OBJECTIVE: Understand factors associated with pain intensity responder status following non-surgical hip OA intervention, according to sex.
METHODS: Data were from individuals with hip OA participating in the Danish GLA:D® 8-week education and exercise program. Factors captured at program entry: age, education, mental well-being, comorbidities, body mass index, symptoms in hip, knee and low back, and program-specific factors: education sessions, former participant lecture, supervised exercise sessions. Pain intensity was captured at baseline and 3-months (post-program) on a 0-100 visual analogue scale. Response was defined as pain intensity improvement ≥30% from baseline to post-program. Logistic regression was used and conducted separately in males and females.
RESULTS: The sample included 791 males and 2,253 females. Females had a mean baseline pain of 47.2/100 (95% CL: 46.4, 48.1) and males 41.7 (95% CL: 40.3, 43.1).

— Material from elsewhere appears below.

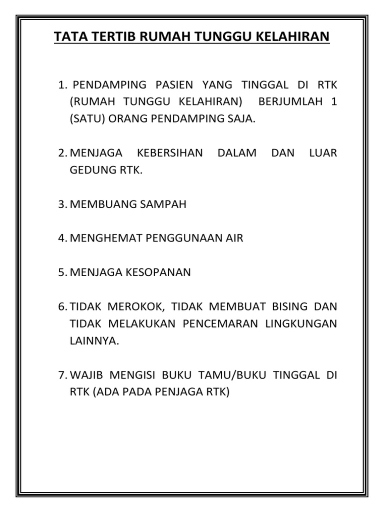 Contoh Tata Tertib Rumah Tunggu Kelahiran
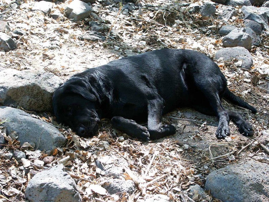 Duke, nursing sore paws, rubbed raw by the calcium chloride coated rocks in the creek. I rubbed Anbesol on the sores so he could make the short hike out to the car without to much pain. Dog boots are in his future and are highly recomended for your dog if you bring them with you while hiking Fossil Creek.

By post-program, the proportion of pain responders was 50.4% among females and 45.8% among males (difference p=0.025). Among females, program-specific factors (attending former participant lecture and more supervised exercise sessions) were positively associated with pain response, as were better mental well-being and fewer comorbidities, while symptoms in other joints/site were associated with a decreased likelihood of response. Among males, program-specific factors were not associated with response, while better mental well-being and fewer comorbidities were associated with being a responder.
CONCLUSIONS: Findings suggest that the influence of some factors on pain response differ for males and females, and point to a potential need for targeted approaches for males and females who may require different key messages/approaches from healthcare providers.